**Description of the task**
Please output the listing exactly as it stands, but omit any images.

── Data shown ──

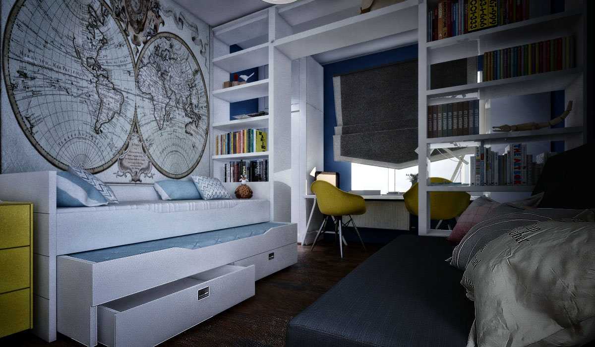 Allocate a key place for a bed. It is better to place her head on the wall. From the sleeping bed you need to open a review of the door and window. The height and length of the bed should correspond to the size of the person and the required number of beds. Buy beds without sharp corners and with a closed bottom that fits snugly to the floor so that dust does not settle in hard-to-reach areas. To save space, install a bed with built-in functional bedding drawers and bed covers, but do not mount shelves with sharp corners above your head.
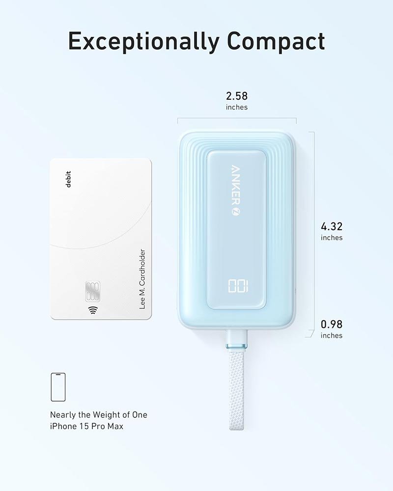 Anker Zolo Power Bank (10K, 30W) with a 5.4-inch (13.7 cm) built-in USB-C cable.
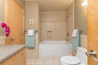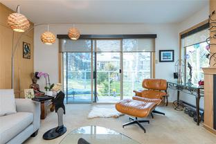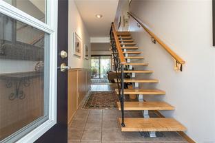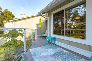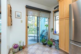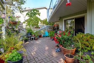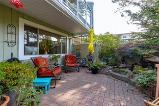 This highly sought-after, end-unit townhouse is sure to impress, offering 1769 SQ FT w/3 BRs, 2 BA’s, a DBL car garage, and custom staircase, wood & metal work throughout. This unit boasts a stunning end-to-end patio & an fully updated kitchen with a skylight that is open to the dining area. The living room features a two-sided gas fireplace for cozy winter evenings & is also open to the dining area. The spacious MSTR BR includes a fully updated 4 PC ensuite & the 2nd BR on the upper level is currently used as an office with built-ins but is an easy conversion back to a BR. Lower level offers another large BR with a three-piece ensuite & a flex space that opens onto a private, spacious patio & gardens. This unit provides ample storage, a full size laundry area all allowing for downsizing without compromise. Enjoy the convenience of being a minute's walk from the marina, waterfront, beaches, & public tennis courts, all while remaining within walking distance of the amenities of beautiful Sidney By The Sea. Proudly presented by The Ann Watley Group, Ann Watley Personal Real Estate Corporation & Chad Tuggle, Pemberton Holmes Ltd.
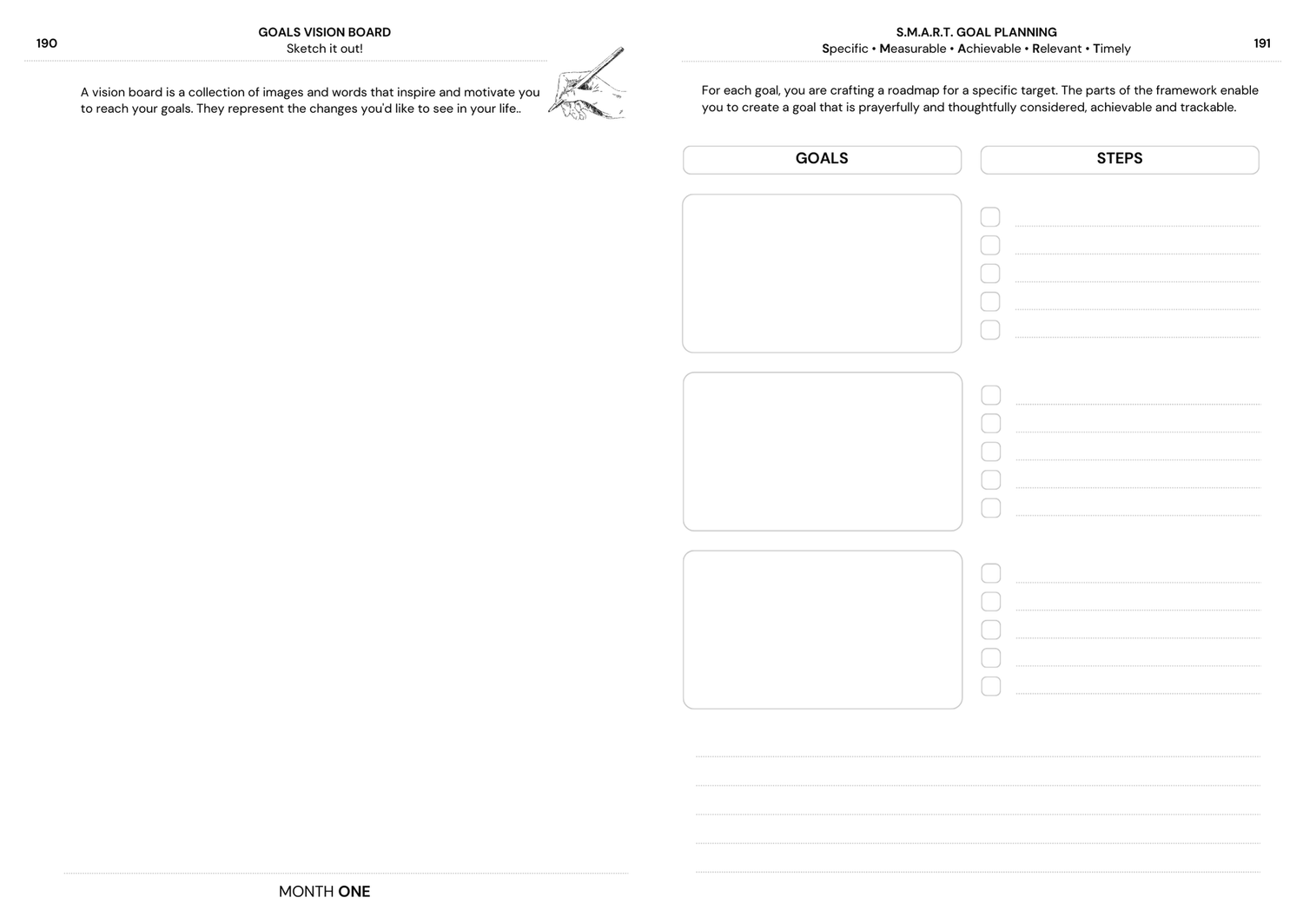 - The left is a Vision Board to sketch images or words to inspire you to reach your goals.

───

**Final answer**
 Allocate a key place for a bed. It is better to place her head on the wall. From the sleeping bed you need to open a review of the door and window. The height and length of the bed should correspond to the size of the person and the required number of beds. Buy beds without sharp corners and with a closed bottom that fits snugly to the floor so that dust does not settle in hard-to-reach areas. To save space, install a bed with built-in functional bedding drawers and bed covers, but do not mount shelves with sharp corners above your head.
 Anker Zolo Power Bank (10K, 30W) with a 5.4-inch (13.7 cm) built-in USB-C cable.
 This highly sought-after, end-unit townhouse is sure to impress, offering 1769 SQ FT w/3 BRs, 2 BA’s, a DBL car garage, and custom staircase, wood & metal work throughout. This unit boasts a stunning end-to-end patio & an fully updated kitchen with a skylight that is open to the dining area. The living room features a two-sided gas fireplace for cozy winter evenings & is also open to the dining area. The spacious MSTR BR includes a fully updated 4 PC ensuite & the 2nd BR on the upper level is currently used as an office with built-ins but is an easy conversion back to a BR. Lower level offers another large BR with a three-piece ensuite & a flex space that opens onto a private, spacious patio & gardens. This unit provides ample storage, a full size laundry area all allowing for downsizing without compromise. Enjoy the convenience of being a minute's walk from the marina, waterfront, beaches, & public tennis courts, all while remaining within walking distance of the amenities of beautiful Sidney By The Sea. Proudly presented by The Ann Watley Group, Ann Watley Personal Real Estate Corporation & Chad Tuggle, Pemberton Holmes Ltd.
 - The left is a Vision Board to sketch images or words to inspire you to reach your goals.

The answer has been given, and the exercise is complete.